While an elevator of mass $908 \mathrm{~kg}$ moves downward, the tension in the supporting cable is a constant $7730 \mathrm{~N}$. Between $t=0$ and $t=$ $4.00 \mathrm{~s}$, the elevator's displacement is $5.00 \mathrm{~m}$ downward. What is the elevator's speed at $t=4.00 \mathrm{~s} ?$
$\mathrm{m} / \mathrm{s}$

Step 1 ：Given that the mass of the elevator is \(908 \, \mathrm{kg}\), the tension in the supporting cable is \(7730 \, \mathrm{N}\), and the displacement of the elevator is \(5.00 \, \mathrm{m}\) downward between \(t=0\) and \(t=4.00 \, \mathrm{s}\).
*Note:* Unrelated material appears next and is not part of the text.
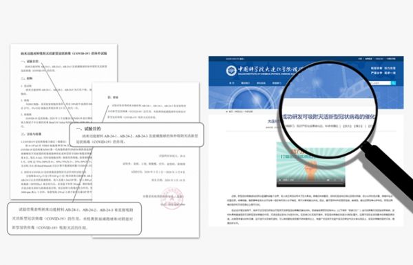 在此设计理念指导下,中国科学院大连化学物理研究所(DICP)成功研发出可吸附灭活新型冠状病毒的新型纳米催化材料AB-24。且据安徽省疾病预防控制中心(ACDC)进行的病毒灭活实验结果表明,该材料具有直接吸附灭活新型冠状病毒的作用。在安徽省疾病预防控制中心(ACDC)实验环境中,新型冠状病毒的浓度为5微克/毫升,远高于实际生活场景中的病毒致病浓度。此类固体催化材料无毒,且不溶于水及有机溶剂,可以制成颗粒或担载于各种载体之上,有望广泛应用于抗疫产品及日常空气及水净化用品上,实现对病毒的吸附灭活,提高防护水平。

Step 2 ：The net force acting on the elevator is the difference between the gravitational force and the tension in the cable. The gravitational force can be calculated as \(908 \, \mathrm{kg} \times 9.8 \, \mathrm{m/s^2} = 8898.4 \, \mathrm{N}\). Therefore, the net force is \(8898.4 \, \mathrm{N} - 7730 \, \mathrm{N} = 1168.4 \, \mathrm{N}\).

Step 3 ：The acceleration of the elevator can be found by dividing the net force by the mass of the elevator. Therefore, the acceleration is \(1168.4 \, \mathrm{N} / 908 \, \mathrm{kg} = 1.29 \, \mathrm{m/s^2}\).

Step 4 ：The speed of the elevator at \(t=4.00 \, \mathrm{s}\) can be found by multiplying the acceleration by the time. Therefore, the speed is \(1.29 \, \mathrm{m/s^2} \times 4.00 \, \mathrm{s} = 5.15 \, \mathrm{m/s}\).

Step 5 ：\(\boxed{5.15 \, \mathrm{m/s}}\) is the elevator's speed at \(t=4.00 \, \mathrm{s}\).